Increasing domestic rapeseed production is an important national goal in China. Researchers often use tools such as crop models to determine optimum management practices for new varieties to ...increased production. The CROPGRO-Canola model has not been used to simulate rapeseed in China. The overall goal of this work was to identify key inputs to the CROPGRO-Canola model for calibration with limited datasets in the Yangtze River basin. First, we conducted a global sensitivity analysis to identify key genetic and soil inputs that have a large effect on simulated days to flowering, days to maturity, yield, above-ground biomass, and maximum leaf area index. The extended Fourier amplitude test method (EFAST) sensitivity analysis was performed for a single year at 8 locations in the Yangtze River basin (spatial analysis) and for seven years at a location in Wuhan, China (temporal analysis). The EFAST software was run for 4520 combinations of input parameters for each site and year, resulting in a sensitivity index for each input parameter. Parameters were ranked using the top-down concordance method to determine relative sensitivity.
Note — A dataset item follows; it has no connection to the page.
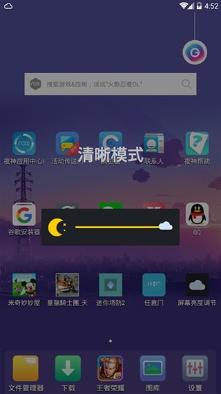 屏幕亮度调节器app能适配小米、魅族、OPPO、华为等手机品牌,与微信、淘宝、网易新闻、腾讯新闻、今日头条、UC浏览器、手机百度、QQ、爱奇艺、优酷、天猫、支付宝、百度地图、掌阅IReader、QQ阅读、京东、墨迹天气、高德地图、搜狗输入法等应用完美兼容。也可与天天酷跑、天天消消乐、斗地主、天天爱消除、保卫萝卜、部落冲突、奔跑吧兄弟、乱斗西游、捕鱼达人、海岛奇兵、植物大战僵尸等游戏兼容使用。

Results indicated that the model outputs of days to flowering, days to maturity, yield, above-ground biomass, and maximum leaf area index were most sensitive to parameters that affect the duration of critical growth periods, such as emergence to flowering, and temperature response to these stages, as well as parameters that affect total biomass at harvest. The five model outputs were also sensitive to several soil parameters, including drained upper and lower limit (SDUL and SLLL) and drainage rate (SLDR). The sensitivity of parameters was generally spatially and temporally stable. The results of the sensitivity analysis were used to calibrate and evaluate the model for a single rapeseed experiment in Wuhan, China. The model was calibrated using two seasons and evaluated using three seasons of data. Excellent nRMSE values were obtained for days to flowering (≤1.71%), days to maturity (≤ 1.48%), yield (≤ 9.96%), and above-ground biomass (≤ 9.63%). The results of this work can be used to guide researchers on model calibration and evaluation across the Yangtze River basin in China.